Search code examples
sed

Sed to replace modify large html list of links


What I've got:

<ul>
<li><a href="https://example.com.com/link-1"></li>
<li><a href="https://example.com.com/link-2"></li>
<li><a href="https://example.com.com/link-3" ></li>
<!-- many more items here --> 
</ul>

Desired end result:

<ul>
<li><a href="link-1.html"></li>
<li><a href="link-2.html"></li>
<li><a href="link-3.html" ></li>
<!-- many more items here --> 
</ul>

Currently I've come up with something like:

sed 's/https:\/\/example.com.com//g' test.txt | sed 's/" *>/.html">/g'

But this is clearly (a) inefficient and (b) won't work inline (i.e. sed -i when used in conjunction with find, for example)

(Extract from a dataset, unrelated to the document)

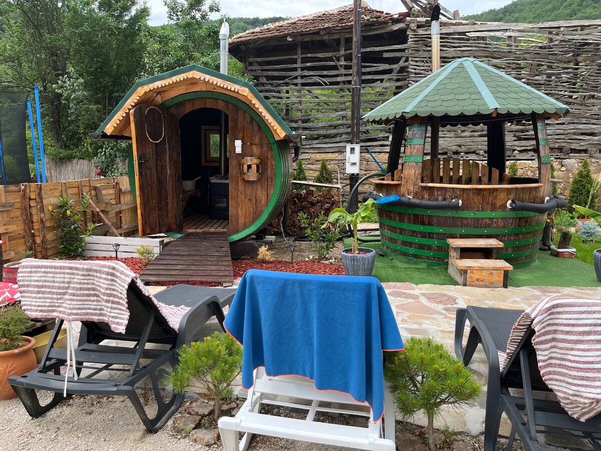 Tómate un descanso del trabajo, el ruido y la contaminación de las ciudades en una finca única en el hermoso pueblo de Slavinja en Stara Planina. En una propiedad espaciosa donde nuestra propia cabaña está hecha de madera local, tienes todo lo que necesitas, además de una vista de la hermosa montaña Vidlic, un río para 5 minutos a pie, su espacioso patio privado, una pérgola de vacaciones, preparación de alimentos. Además, está cerca del famoso Slavinjsko Grlo, un arroyo mnostvo y un río con cascada. ¡Una escapada única para el alma y el cuerpo!

What would a better approach for this be ?


Solution

  • You could use a capturing group to avoid the second sed invocation like this :

    sed -e 's%https://[^"]*/\([^"]*\)%\1.html%'
    

    The % separator saves the need for escaping forward slashes.

    Edit

    If you want to make sure the substitution only occurs for instances of https://example.com inside lines starting with <li><a ...> tags, you could try:

    sed -e '/^<li><a /s%"https://example.com[^"]*/\([^"]*\)%"\1.html%'
    

    Based on the data sample you provided, you should get :

    <ul>
    <li><a href="link-1.html"></li>
    <li><a href="link-2.html"></li>
    <li><a href="link-3.html" ></li>
    <!-- many more items here --> 
    </ul>
    

    Hope that helps.